EXERCISE DETAILS — When you return the data, keep every line exactly as it is and leave out the pictures.

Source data
=== Begin Enclosure ===
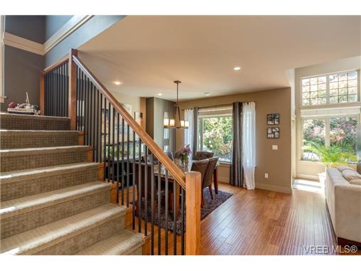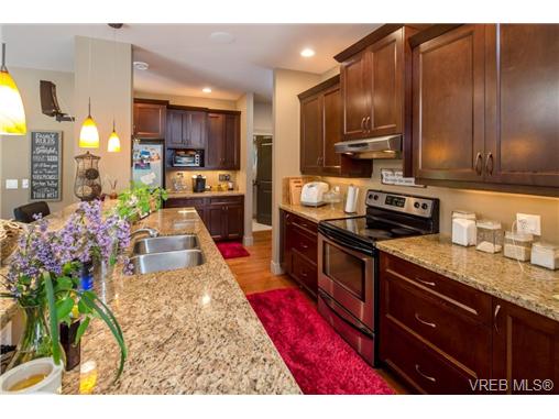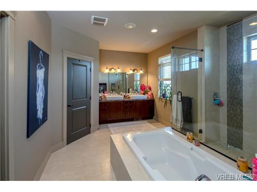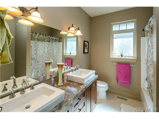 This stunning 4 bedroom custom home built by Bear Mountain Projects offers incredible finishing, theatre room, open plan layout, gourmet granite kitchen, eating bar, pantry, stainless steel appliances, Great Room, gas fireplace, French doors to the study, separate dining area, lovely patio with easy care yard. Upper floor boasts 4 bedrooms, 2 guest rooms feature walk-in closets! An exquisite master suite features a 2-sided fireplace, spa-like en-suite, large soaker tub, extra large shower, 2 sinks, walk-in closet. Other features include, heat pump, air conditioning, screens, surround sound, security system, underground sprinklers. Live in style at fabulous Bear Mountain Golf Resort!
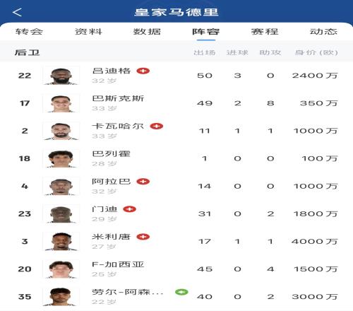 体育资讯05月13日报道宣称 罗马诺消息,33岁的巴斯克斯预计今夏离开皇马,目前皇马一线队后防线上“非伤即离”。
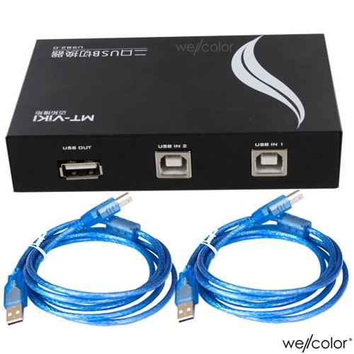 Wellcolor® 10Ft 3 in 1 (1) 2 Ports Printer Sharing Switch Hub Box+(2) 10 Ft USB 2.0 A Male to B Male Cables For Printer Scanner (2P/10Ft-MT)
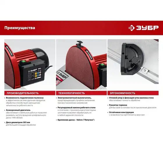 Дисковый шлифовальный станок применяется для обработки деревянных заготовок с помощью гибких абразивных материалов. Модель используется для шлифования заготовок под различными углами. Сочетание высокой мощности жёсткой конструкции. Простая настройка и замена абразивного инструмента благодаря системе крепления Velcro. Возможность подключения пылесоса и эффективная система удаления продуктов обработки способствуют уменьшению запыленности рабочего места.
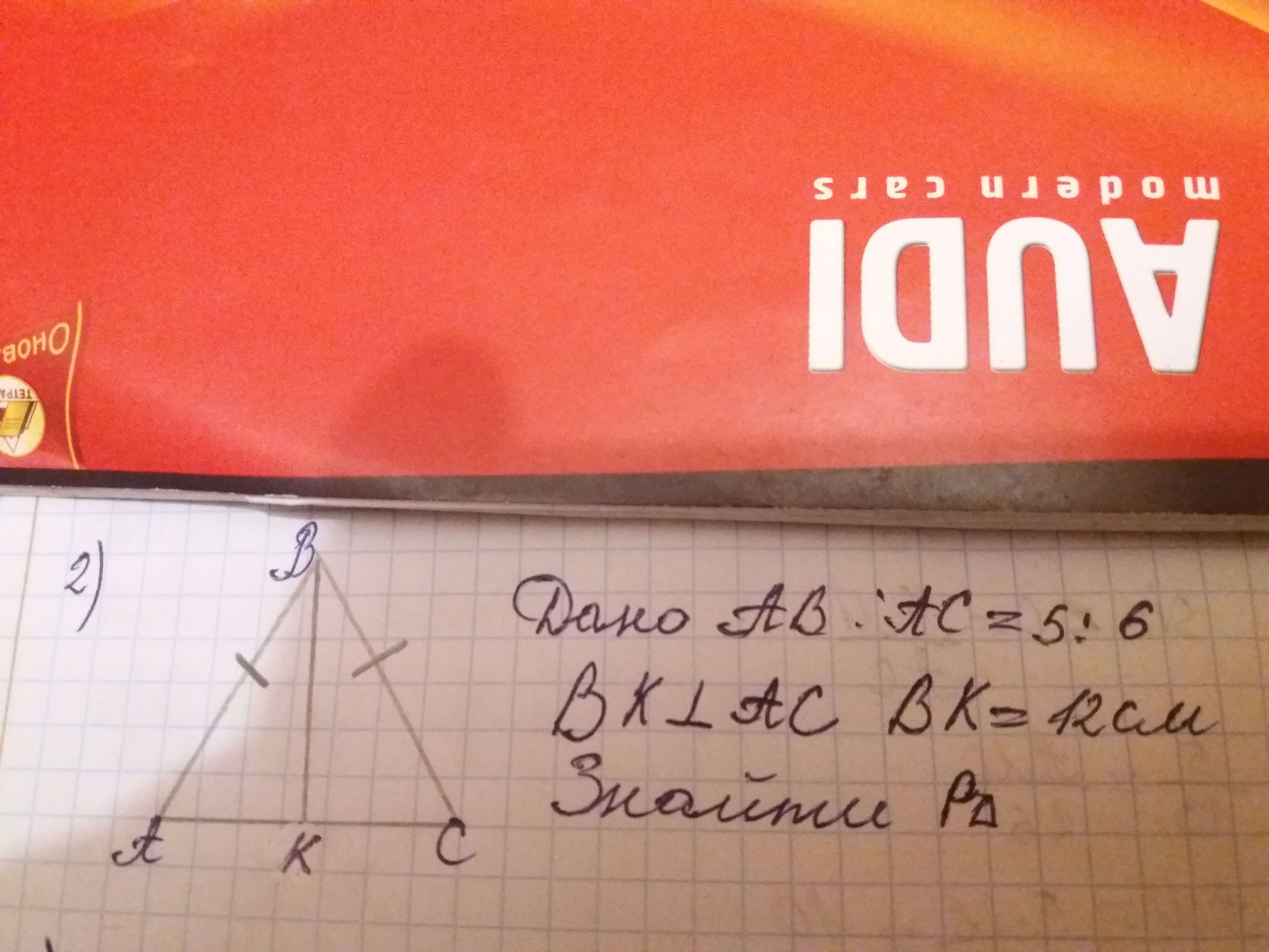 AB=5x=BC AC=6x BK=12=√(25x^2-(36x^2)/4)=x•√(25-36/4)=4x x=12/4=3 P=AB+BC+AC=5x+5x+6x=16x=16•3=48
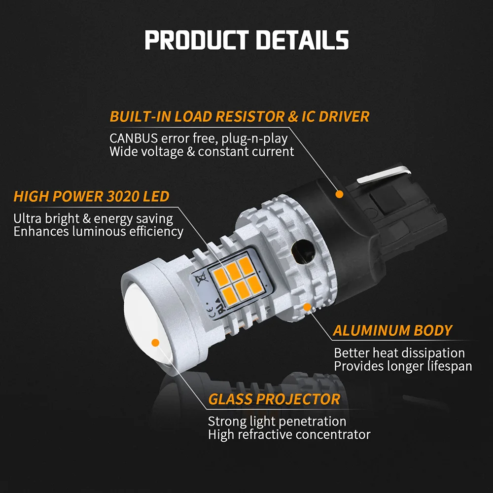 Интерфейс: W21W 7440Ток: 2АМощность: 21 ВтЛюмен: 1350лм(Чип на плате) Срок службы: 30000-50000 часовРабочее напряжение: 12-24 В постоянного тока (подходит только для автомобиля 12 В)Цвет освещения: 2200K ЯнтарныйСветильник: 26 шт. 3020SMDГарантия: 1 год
=== End Enclosure ===
RESPONSE BOX —
 This stunning 4 bedroom custom home built by Bear Mountain Projects offers incredible finishing, theatre room, open plan layout, gourmet granite kitchen, eating bar, pantry, stainless steel appliances, Great Room, gas fireplace, French doors to the study, separate dining area, lovely patio with easy care yard. Upper floor boasts 4 bedrooms, 2 guest rooms feature walk-in closets! An exquisite master suite features a 2-sided fireplace, spa-like en-suite, large soaker tub, extra large shower, 2 sinks, walk-in closet. Other features include, heat pump, air conditioning, screens, surround sound, security system, underground sprinklers. Live in style at fabulous Bear Mountain Golf Resort!
 体育资讯05月13日报道宣称 罗马诺消息,33岁的巴斯克斯预计今夏离开皇马,目前皇马一线队后防线上“非伤即离”。
 Wellcolor® 10Ft 3 in 1 (1) 2 Ports Printer Sharing Switch Hub Box+(2) 10 Ft USB 2.0 A Male to B Male Cables For Printer Scanner (2P/10Ft-MT)
 Дисковый шлифовальный станок применяется для обработки деревянных заготовок с помощью гибких абразивных материалов. Модель используется для шлифования заготовок под различными углами. Сочетание высокой мощности жёсткой конструкции. Простая настройка и замена абразивного инструмента благодаря системе крепления Velcro. Возможность подключения пылесоса и эффективная система удаления продуктов обработки способствуют уменьшению запыленности рабочего места.
 AB=5x=BC AC=6x BK=12=√(25x^2-(36x^2)/4)=x•√(25-36/4)=4x x=12/4=3 P=AB+BC+AC=5x+5x+6x=16x=16•3=48
 Интерфейс: W21W 7440Ток: 2АМощность: 21 ВтЛюмен: 1350лм(Чип на плате) Срок службы: 30000-50000 часовРабочее напряжение: 12-24 В постоянного тока (подходит только для автомобиля 12 В)Цвет освещения: 2200K ЯнтарныйСветильник: 26 шт. 3020SMDГарантия: 1 год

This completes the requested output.